Retirement Risk #8: Emergency Fund for Unknown Expenses

How Old Money Habits Can Serve Retirees Well

How should retirees pay for emergencies? While retirement nest eggs are technically savings accounts, a separate cash cushion can be a good idea for many reasons.

Emergency funds aren’t just for rainy days or periods when we may be in between jobs. They can be an essential ingredient to retirees’ peace of mind well after they leave the workforce. 

While they may not need six months of their working income in emergency reserves, having some cash cushion gives retirees options and control for the unknowns that may lie ahead, including:

  • New roof or HVAC

  • Car repairs

  • Kids get into financial trouble

  • Need costly dental work 

  • Being underinsured for health care

Without an emergency fund, paying for these unexpected events could quickly erode a retiree’s nest egg. According to a recent Bankrate financial survey, only 41% of Americans could cover a $1,000 emergency with savings

“Recent events have proven the long-held belief that saving into a substantial and protected emergency fund is vital to the long-term sustainability of our retirement. Monthly saving shouldn’t stop at retirement.”

— Eric Stratton, Heyday founder

Do Retirees Really Need an Emergency Fund?

If a retiree met an unexpected expense without a cash cushion, how would they cover such an event? They may have to choose from less desirable options to cover big-ticket surprises:

  • Withdrawing from your nest egg - spending down your retirement savings too quickly can be a real concern (and risk) for retirees. Yet, when unplanned expenses pop up, they may feel their only resort is to take more from their savings. Currently, retirees can probably make penalty-free withdrawals due to coronavirus. Depending on the type of account, there could be tax implications for taking this extra “income.” Speaking with a tax professional is recommended. Retirees could also be subject to additional Medicare costs if their income increases beyond the cap associated with their plan — see Medicare’s specific guidelines for your situation. 
  • Charging costs to a credit card - most experts would agree that unless you can pay off credit cards immediately after using them, they aren’t an ideal solution for retirees. The more debt you have to pay off, the less monthly income you have for other expenses and activities.
  • Tapping into your home’s equity - to cover unplanned costs, retirees could take out a home equity line of credit (HELOC) or home equity loan. However, most lenders have minimum loan amounts, which can range between $10,000 to $25,000. And with repayment periods that can last up to 20 years, retirees could be saddled with an extra bill for decades.

No Emergency Stash = Difficult Decisions

In one example, Amy and Robert retired 11 months ago and are still getting accustomed to their new job-free lifestyle. Over the last couple of weeks, the old “bad things happen in threes” expression became their reality:

  1. The transmission went out in their car, which is no longer under warranty.
  2. The roof started leaking in the guest bathroom.
  3. Days before their children are set to arrive for a family reunion at their home, the AC went out. 

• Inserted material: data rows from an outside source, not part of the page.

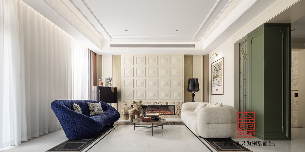 褪去城市繁冗華麗的外殼,回歸至與人的內在共鳴,斑駁的光影在客廳空間徜徉,大理石與墻板的搭配,釋放出一種優雅、沉靜及治愈的氛圍感,貫穿于整個別墅裝修空間的動線。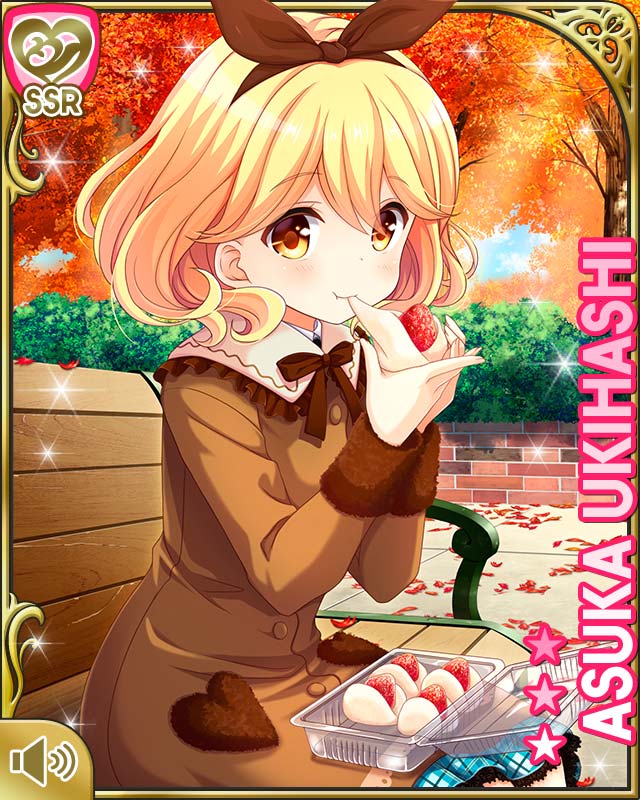 1girl autumn_leaves bench blonde_hair blue_skirt bow bowtie brown_bow brown_bowtie brown_eyes card_(medium) character_name daifuku eating food from_side fur-trimmed_jacket fur_trim girlfriend_(kari) hair_bow holding holding_food ichigo_daifuku jacket leaf looking_at_viewer official_art plaid_clothes plaid_skirt pleated_skirt qp:flapper shirt sitting skirt solo ukihashi_asuka wagashi wooden_bench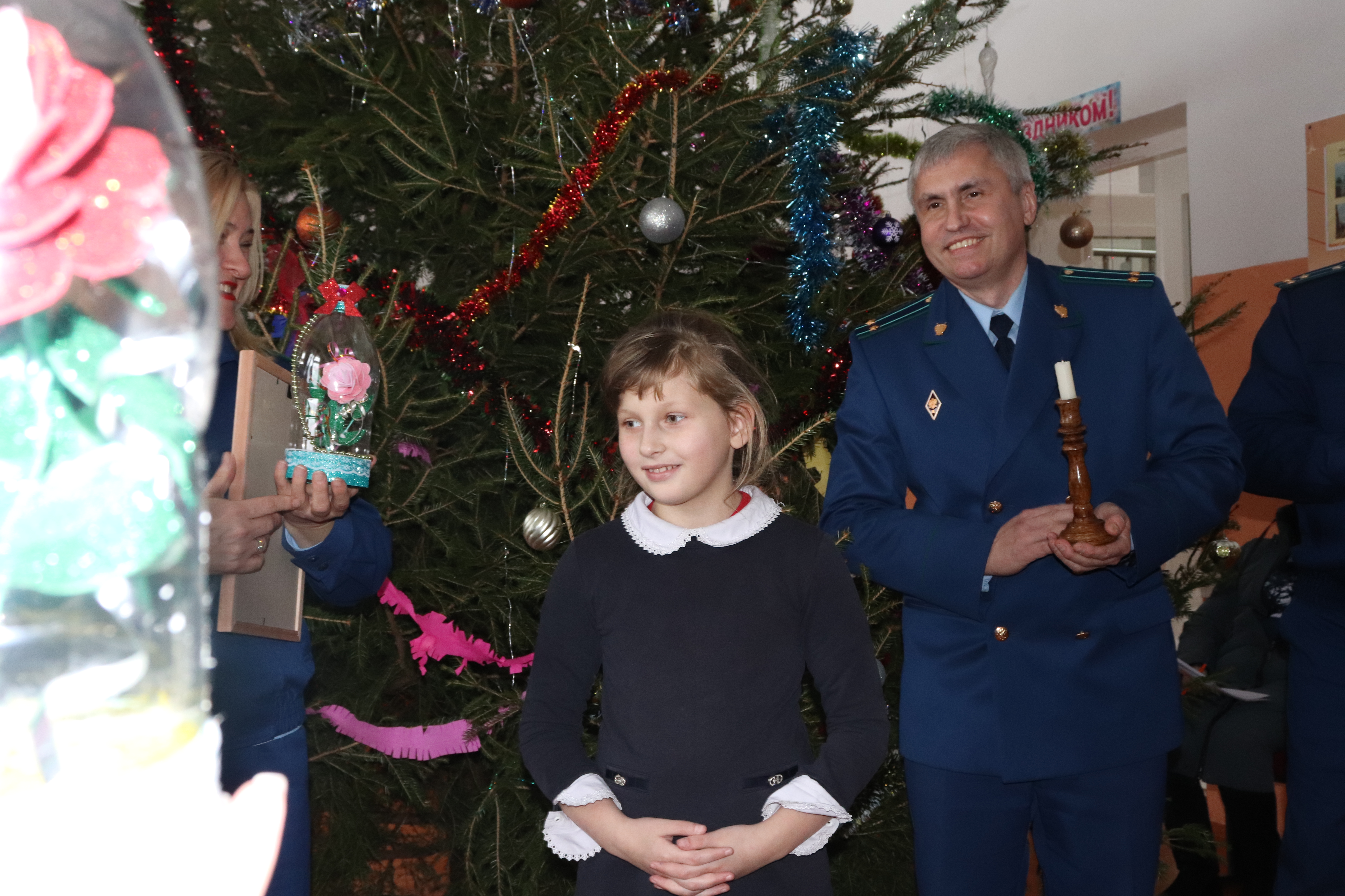 Начальник уголовно-судебного управления Сергей Гильдиков, старшие помощники прокурора области Эльвира Симутина и Ирина Лачко, прокурор Мглинского района Сергей Рыженко от коллектива прокуратуры поздравили воспитанников и работников учреждения с наступающим праздником, пожелали крепкого здоровья, успехов и исполнения желаний, а также преподнесли подарки.

The total for addressing all three problems? $5,500

In addition to the financial costs associated with the actions above, what about the opportunity costs? Chances are, Amy and Robert will skip that trip to Niagara Falls they’d been looking forward to. Or keep putting it off until it’s forgotten.

And all of this is happening just 11 months into retirement. What about any other unplanned expenses that may arise over the next 10, 20 or even 30 years?

If they continued to save just $500 a month in an emergency fund like they did while working, they could’ve paid for these costs without resorting to options with undesirable consequences. 

Unplanned expenses are just one of many risks retirees may face in retirement. 

Fortunately, there are actions retirees can take now to help minimize risks and preserve their nest eggs. The first step? Calculating their projected expenses and risks in retirement.

Online tools like Heyday’s Custom Retirement Review can help to empower retirees to get a true understanding of their financial risk exposure in just a few minutes.

Once all their risks and expenses are identified, they can speak with a financial professional about how to revise their strategy and secure their retirement.

Ready to see what your retirement risks look like? Take this free retirement assessment now.

New call-to-action

Cindy Collins

Written by Cindy Collins

Forbes Contributor & Retirement Financial Professional

Cindy Collins is a Heyday Retirement contributor with over 30 years of experience in personal financial services.

Heyday is a premier source for comprehensive tools and informative content designed to help retirees build a secure retirement income plan.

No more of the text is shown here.